We all had our projects during one of the many lockdowns and an ‘Alexa Enabled Secret Bar’ was mine! This project started out with building two industrial sideboards for the corner of my dining room. The question: what to do with dead space in the corner? The answer: a pop up unit that made full use of that space. And hence, the idea for an Alexa Enabled Secret Bar was born.
In this 3 part series of posts, I’m going to give you a good idea on how to build your own version of an Alexa enabled secret bar. But, at the end of the day, this is just a stepper motor hooked up to a WIFI enabled controller. So I am sure there are many other projects you could do with this method. Automated blinds, window/door openers, extending shelve….you get the idea! I’d be really interested to hear about any project to get up to.
If you haven’t already, check out the video of the finished project. I started writing this post but it has quickly grown! So I have split this into 3 separate posts:
- The Mechanics
- The Electronics
- The Firmware & Software
Due to the code, this one has turned out pretty long. If you’re not interested in reading any of the below and just want to skip on to downloading some code – then click here!
Part 3A: Firmware
I’m sure someone will correct me on this point but I am calling the code that I put on the microcontroller: the firmware. As apposed to the Amazon Alexa App which I am calling: ‘the software’. Feel free to disagree with me on this point :). From a “Firmware” point of view, there are 6 keys bits:
- Defining our pins and values
- The all important set up
- LED Strip Light Control
- Stepper Motor Control (& Limit Switch)
- Touch Switch Control
- The final Loop
Hopefully by now you have read my ‘How to Control a Stepper Motor from Alexa‘ post which goes into detail on how to upload the code to your ESP32 using the Arduino IDE so I’m going to skip over that here.
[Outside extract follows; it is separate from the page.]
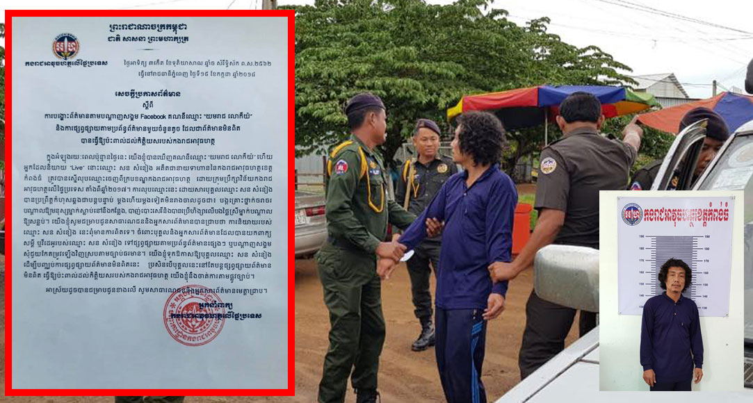 ខ្ញុំបាទ ឧត្តមសេនីយ៍ត្រី អេង ហ៊ី អ្នកនាំពាក្យកងរាជអាវុធហត្ថលើផ្ទៃប្រទេស សូមអនុញ្ញាតជម្រាបជូនសាធារណជនបានជ្រាបថា បុគ្គលឈ្មោះ សន សំនៀង នេះ ត្រូវបានឃាត់ខ្លួននៅល្ងាចថ្ងៃទី១៥ ខែកក្កដា ឆ្នាំ២០១៨ ដោយកងរាជអាវុធហត្ថខេត្តកំពង់ធំ មានការដឹកនាំនិងសម្របសម្រួលដោយតំណាងអយ្យការអមសាលាដំបូងខេត្តកំពង់ធំ។ ខណៈនេះ មន្ត្រីនគរបាលយុត្តិធម៌នៃកងរាជអាវុធហត្ថខេត្តកំពង់ធំ កំពុងធ្វើការស្តាប់ចម្លើយនិងបន្តនីតិវិធី។

Defining our Pins and Key Values
So, lets start with the basics and make sure we include the Wifi, ESPAlexa and AccelStepper Libraries:
/* Alexa controlled Bar Project Aug 2020
* Created by Wayne Morton https://MechApe.co.uk, with a lot of work from Aircoookie and Mike McCauley
* Code in public domain
* Feel free to use, modify, share or completely discard!
*/
#ifdef ARDUINO_ARCH_ESP32
#include <WiFi.h>
#else
#include <ESP8266WiFi.h>
#endif
#include <Espalexa.h> //awesome lib by Aircoookie
#include <AccelStepper.h> //awesome lib by Mike McCauley at http://www.airspayce.com/mikem/arduino/AccelStepper/
Next we need to start defining the pins we have used in our electronics wiring for the LEDs and stepper motor driver:
//pins used
#define dirPin 2
#define stepPin 4
#define sleep 17
#define homingSwitch 16 //Push to make button
const int redPin = 27; //was 14 - My LED Strip must be defective!
const int greenPin = 14; //was 27 - My LED Strip must be defective!
const int bluePin = 26;
const int whitePin = 25;
long homePosition=-1;
int state = HIGH; //is the bar open (High) or closed (Low)
// Create a new instance of the AccelStepper class:
#define motorInterfaceType 1
AccelStepper stepper = AccelStepper(motorInterfaceType, stepPin, dirPin);
Whilst we are talking about the LEDs, lets set up some constants for the PWM channels for the ESP32. Note that the ESP32 deals with PWM controls slightly to, say, the Arduinos. On an Arduino, you can simply write something like analogWrite(126)
which will output a PWM signal with a 50% duty. The ESP32 has an inbuilt LED controller which can be used to output PWM signals and just needs a little more setting up. Random Nerds have a great tutorial on this if you want any more info.
//Setting the PWM info
const int redChannel = 0; //Note that the channels start from 0
const int greenChannel = 1;
const int blueChannel = 2;
const int whiteChannel = 3;
const int freq = 5000; //5KhZ
const int resolution = 8; // Bit resolution 2^8 = 256
Great, now lets deal with the touch pin. The below are the final values I ended up with, but it’s highly likely you’ll need to have a play with these numbers to suit your set up. For example, it’s likely you’ll need to play with the “touchTrigger” value. Once you have your system set up and working, you can read a live value for your touch pin using something like Serial.println(touchReading);
. This will print the current value to the serial monitor.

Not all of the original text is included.